Epoch,Training Loss,Validation Loss,Accuracy
1,0.4461,0.433826,0.820073
2,0.3711,0.426254,0.825226
3,0.3023,0.443227,0.824271




Epoch,Training Loss,Validation Loss,Accuracy
1,0.3853,0.379402,0.831175
2,0.3388,0.375611,0.834506
3,0.2883,0.39622,0.831828




Epoch,Training Loss,Validation Loss,Accuracy
1,No log,0.509581,0.760567
2,0.532300,0.503572,0.761069
3,0.532300,0.493933,0.765113




Epoch,Training Loss,Validation Loss,Accuracy
1,No log,0.340275,0.906041
2,No log,0.329828,0.906041
3,No log,0.315165,0.906041


In [19]:
results = [0,0,0,0]

for i in range(4):
    results[i] = trainers[i].predict(val_datasets[i])
    print(results[i].metrics)

{'test_loss': 0.42773425579071045, 'test_accuracy': 0.824121256450892, 'test_runtime': 8.1066, 'test_samples_per_second': 135.939, 'test_steps_per_second': 17.023}


{'test_loss': 0.37525466084480286, 'test_accuracy': 0.8334674306148158, 'test_runtime': 8.159, 'test_samples_per_second': 135.065, 'test_steps_per_second': 16.914}


{'test_loss': 0.49315956234931946, 'test_accuracy': 0.7659964051134741, 'test_runtime': 6.001, 'test_samples_per_second': 106.15, 'test_steps_per_second': 13.331}


{'test_loss': 0.37525635957717896, 'test_accuracy': 0.8960250450621383, 'test_runtime': 0.4129, 'test_samples_per_second': 108.99, 'test_steps_per_second': 14.532}


In [20]:
for i in range(4):
    tokenizers[i].save_pretrained('models/esm_' + task_types[i])

In [21]:
for i in range(4):
    models[i].save_pretrained('models/esm_' + task_types[i])
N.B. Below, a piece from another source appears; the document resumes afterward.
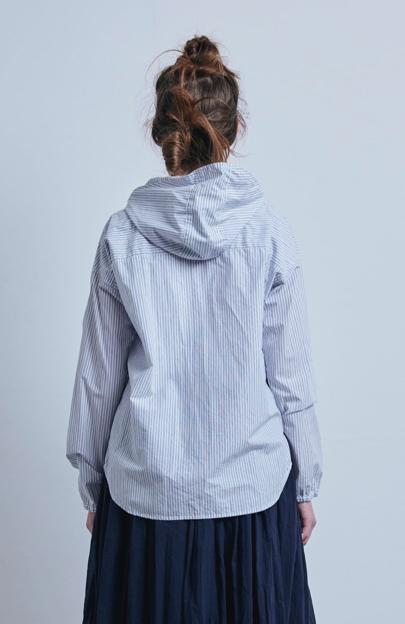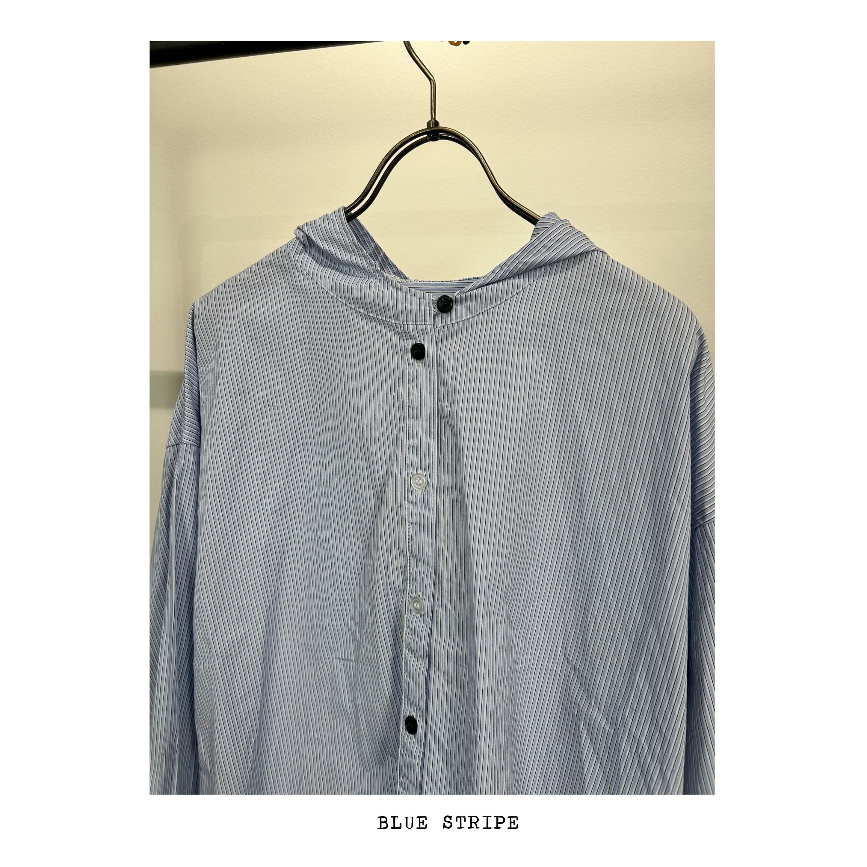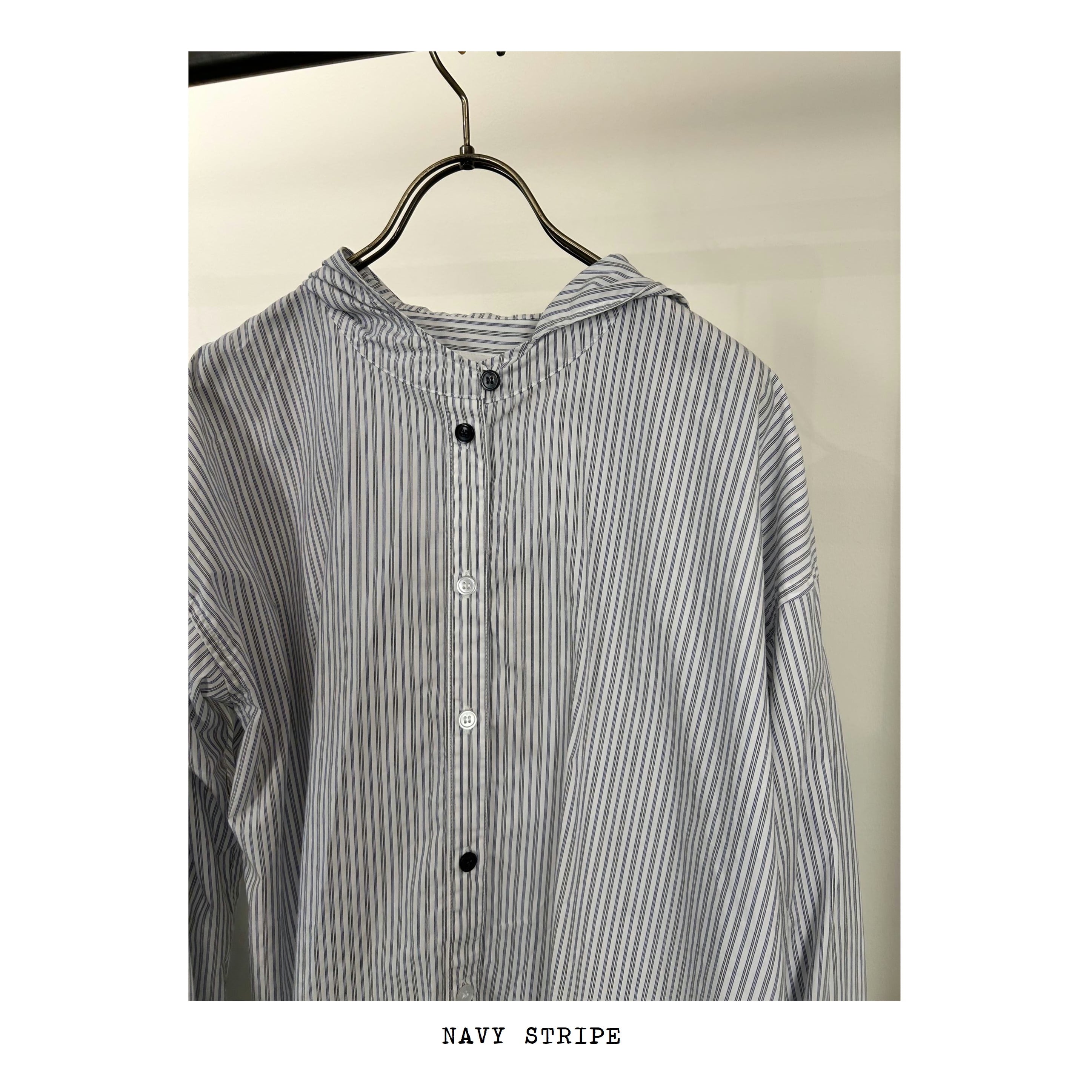ストライプフードシャツ

This definitely seems harder than the first task, but we still attain a very respectable accuracy. Remember that to keep this demo lightweight, we used one of the smallest ESM models, focused on human proteins only and didn't put a lot of work into making sure we only included completely-annotated proteins in our training set. With a bigger model and a cleaner, broader training set, accuracy on this task could definitely go a lot higher!